Damian: he took me back to the compound while i was clinging to his neck, and i just refused to be let down all day. Mother was furious with him, and i remember all of Jason’s subordinates taking turns trying to cheer me up while i was like, clinging to Jason’s chest.
Damian: yeah, and then after all that i sat down to dinner, still a little shaken, and we had boiled chicken. and i still remember reaching out my like, trembling hand to grab my fork—and Jason just slides the plate away, looks me dead in the eyes, and he goes ‘not for you, we had a deal.’ and-
Dick and Jason: *instantly lose it*
Damian, barely audible over them: -AND EVER SINCE THEN, I HAVE BEEN HONOUR BOUND.
Dick: THAT’S SO- *cough* THAT’S SO MEAN,
Jason: *noiseless wheezing*
Tim, flat: and again, it’s a nice story. creative, sure, but it is a lie.

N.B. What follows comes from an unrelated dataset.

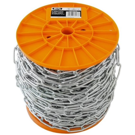 Łańcuch gospodarczy długoogniwowy bocznie zgrzewany , ocynkowany elektrolitycznie ,"D-2" DIN 5685 C - na plastikowej rolce ,
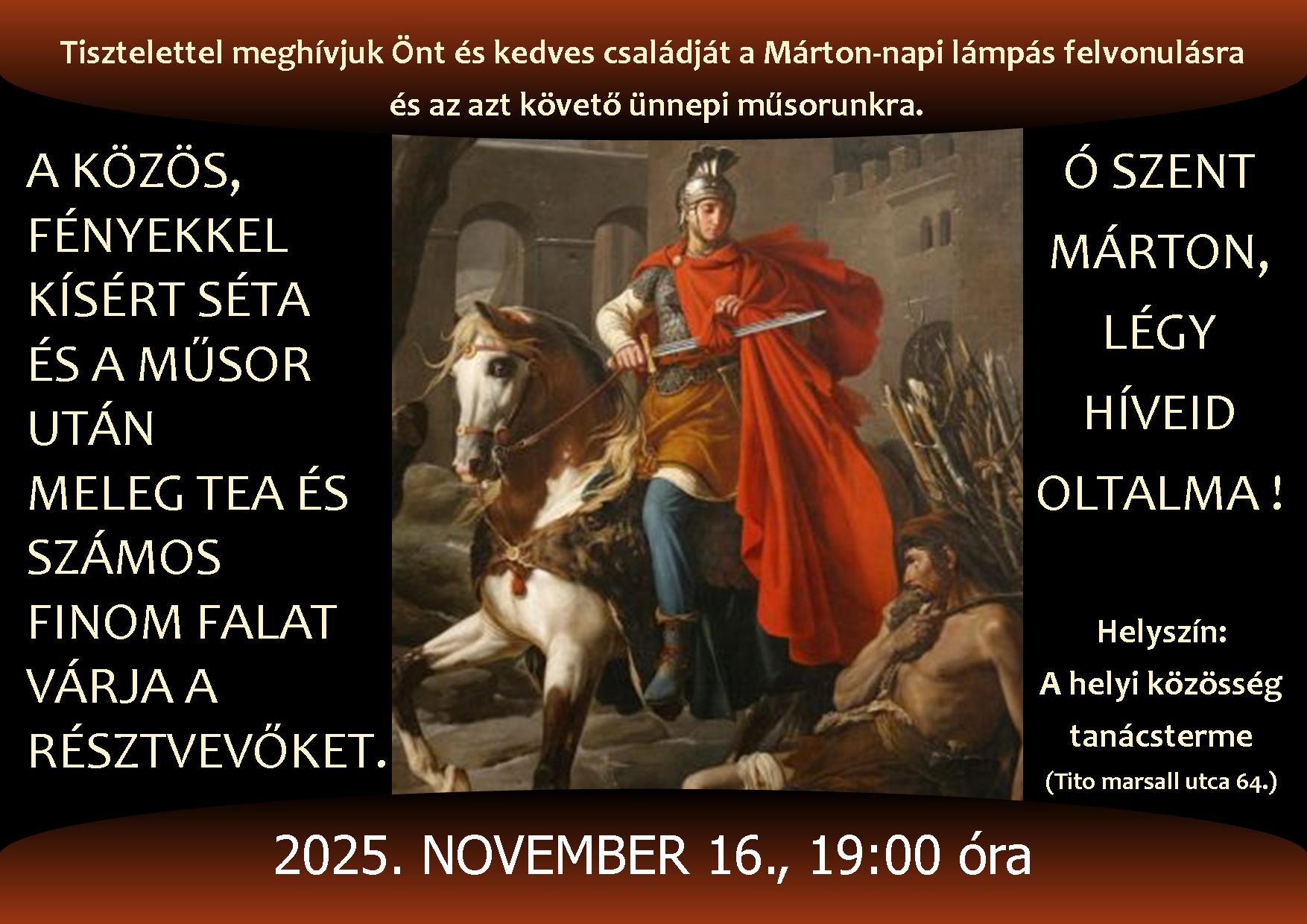 Énekszóval kísért lámpás felvonulással és ünnepi műsorral emlékezett meg a dél-bánsági szigetmagyar település, Ürményháza lakossága Tours-i Szent Mártonról, az első szentként tisztelt hitvallóról.

*hands slapping against concrete*
Jason: *high-pitched laughter-*
Dick: well- *cough* wait, hold on, Tim, Tim, because- *wheeze*
Dick: it’s just- listen, i hate to be the bearer of bad news, but… do you remember like, a while ago, where we were talking about Damian not having friends growing up? and Jason was telling us about his closest subordinates? *pause* ……didn’t he mention that Damian shot a dove?
Jason: *breathless gasps for air*
Dick: ‘cause that wasn’t part of the game, so there’s no reason for him to have lied. if this is- if this is that incident…. then what are the chances of it being true?
Damian: *snort* uh, i’m gonna need a yay or a nay from you both now.
Dick, amused: Tim, do you smell toast?
Tim, very quietly: don’t wanna play the stupid game anymore.
Tim, abruptly, very loud: NO.
Damian: that’s what i said when i shot the dove.